I'm not sure what you mean by using tox in CI.

There's a sweet spot to be worked out between tox, pre-commit and uv to eliminate dependency duplication (e.g. pytest and pre-commit are now referenced in pyproject.toml and tox.ini) and align what runs in the GitHub Actions workflows with the local development environment (e.g. running same commands locally as in our GitHub Actions, if we can) i.e. currently we don't run through tox in our GitHub Actions though have it as a configuration to run locally. As I've integrated our pre-commit into tox, potentially we could run the Python linting and Python testing through tox solely, and remove the pyproject.toml references... though on the other hand, you would probably want to install certain dependencies into a virtual environment through uv for the best IDE support for instance. Lots of tradeoffs... though tox and pre-commit can be made use uv under the head... so requires experimentation and may be something to revisit. Nice video reference I recall from Anthony Sottile on the trick he uses to run tox through a matrix of Python versions (see flake8 usage) - which is probably how we might do it: https://youtu.be/KKJL8bM4cis?si=RQfqEiwCok3qxkdM&t=615.
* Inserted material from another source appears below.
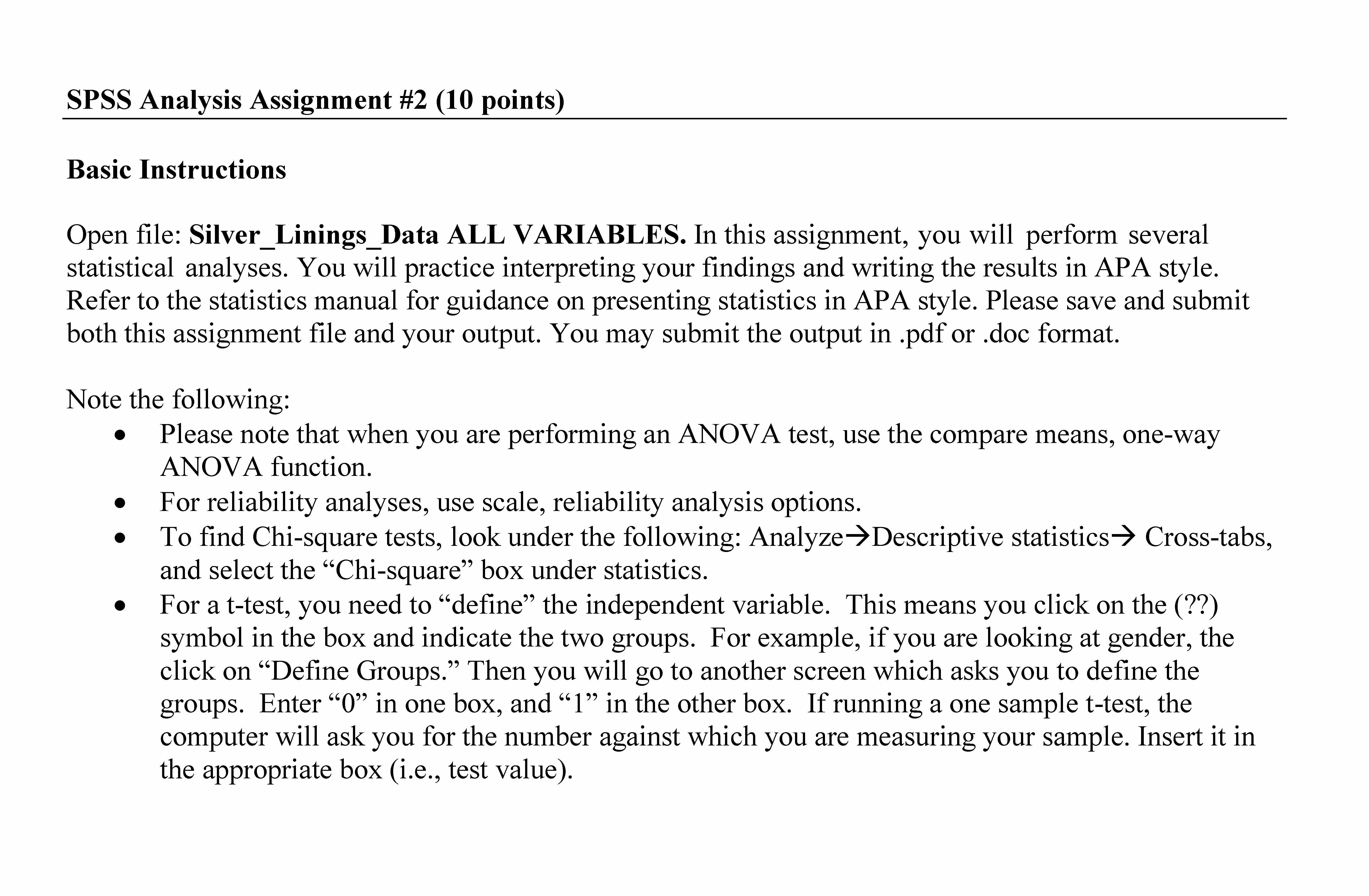 SPSS Analysis Assignment #2 (10 points) Basic Instructions Open fi...

How would I replicate this command with uv? Including any pre-requisitves like uv build. If you can write that down that should be enough info to update the make file.

There's a number of different ways to run uv, so may also require experimentation.

Without any virtual environment created, running the below within the Python directory will create one, install an editable installation of the package along with its dependencies (afterwards, activate the virtual environment and run uv pip freeze to see them).

uv run scripts/generate_tokens.py

You can also run via the installed Python (installed via uv that is) and similar to the existing invocation. This may be redundant if the above run works fine.

uv run python -m scripts.generate_tokens

Within the GitHub Actions workflow, the uv setup action is activating the virtual environment before running the make acceptance to allow it to run... which is basically what was the expected workflow previously... you had to install it globally or in a virtual environment before running with make. Should we be able to get the above to work... it should hopefully be possible to run the make command without having to install those dependencies first.

I'm not sure how tricky this or how this will interact with the top-level Makefile... though hopefully the general idea makes sense in terms of standardising how we're running these commands... and preventing the need to install virtual environments or dependencies globally in order to do it.

Just an fyi as well that the uv build backend deprecates a legacy artefact in the package builds - compared to the older version of setuptools we are using - so I have a TODO to include that into a changelog entry.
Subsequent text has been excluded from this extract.